F. David Winter, Jr., MD

From HealthTexas Provider Network, Baylor Health Care System, and Department of Internal Medicine, Baylor University Medical Center, Dallas, Texas.

Corresponding author: F. David Winter, Jr., MD, 3434 Swiss Avenue, Suite 105, Dallas, Texas 75204.

A young woman rushes into a doctor's office, clutching her chest and groaning with pain. The pain began that morning, awakening her from sleep, and has increased over the past several hours. She spent the preceding day laboring in the yard but does not remember a strain or injury. The lady appears anxious and short of breath and has fine beads of sweat on her forehead. Her husband pleads for someone to do something.

This scenario is common in many physicians' offices. Her pain may be due to a heart blockage, a blood clot, or a muscle strain. Her problem will be dealt with expediently and with a high degree of success. Yet, the physician who solves the young lady's problem may miss a more serious condition. She could be harboring an early cervical cancer. She might have an early breast cancer. Or, she may step on a rusty nail next month and contract tetanus. Each of these problems must be considered and addressed early for optimal care.
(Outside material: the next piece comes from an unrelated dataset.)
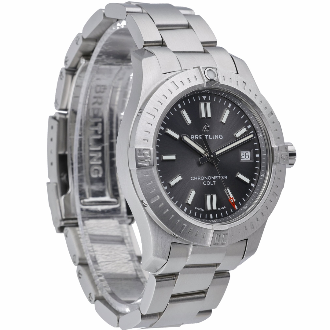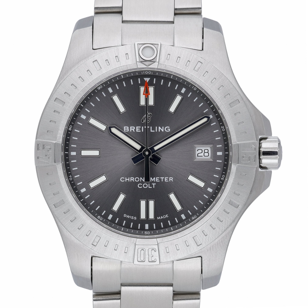 A Breitling Colt reference A17313, presented in stainless steel with a sleek grey sunburst dial, offering a clean, highly legible design. The 41mm case is defined by its robust construction and distinctive unidirectional bezel with rider tabs, delivering a strong, purposeful presence on the wrist. Bold applied hour markers and luminous hands ensure excellent visibility, while the red-tipped seconds hand adds a subtle yet striking contrast.

Unfortunately, our current systems often overlook preventive strategies in the face of acute illnesses.

Can we redesign our encounters with patients to ensure that appropriate preventive measures are consistently performed? It's a daunting task and one that can potentially distract the physician from focusing on the chief complaint of the patient--the reason the patient comes into the office in the first place. Additionally there are the pressures of managed care, coding documentation, and time constraints.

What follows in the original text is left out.